SPRING AWAKENING

A monologue from the play by Frank Wedekind

NOTE: This translation by Samuel A. Eliot was first published in 1914 by Boni and Liveright, New York. It is now a public domain work and may be performed without royalties.

MORITZ: To be frank with you, Melchior, I've had exactly that feeling since I read your paper. It fell out at my feet in the first days of vacation. I had my French grammar in my hand. I bolted the door and ran through your quivering lines like a frightened owl flying through a blazing wood. I think I read most of it with my eyes shut. At your explanations a stream of vague memories rang in my ears like a song one used to hum joyously to one's self in childhood, and at the brink of death hears from the mouth of another, and is appalled. My sympathy was aroused most by what you wrote about the girl's part. I shall never get over the impression that made. I'm sure, Melchior, to have to suffer wrong is sweeter than to do wrong. Blamelessly to have to undergo so sweet a wrong seems to me the essence of every earthly bliss. -- The girl's delight, Melchior, is like the blessèd gods'. The girl represses. Her very nature protects her.

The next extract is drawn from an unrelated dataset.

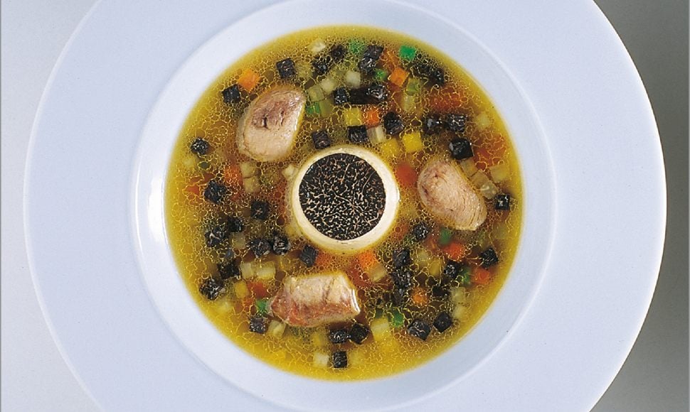 Soupe de légumes de provence aux truffes noires, royale de foies blonds et sot-l’y-laisse de volaille

She is kept free from any bitterness or regret up to the last moment, and so can see, all at once, heaven itself break over her. She is still fearful of hell in the very instant of discovering and embracing paradise. Her senses are as fresh as the spring that bubbles from pure rock. She lays hold of a cup no earthly breath has yet clouded--a draught of nectar that she takes and swallows even as it flames and flares. . . . The gratification that the man receives seems to me shallow and flat beside hers!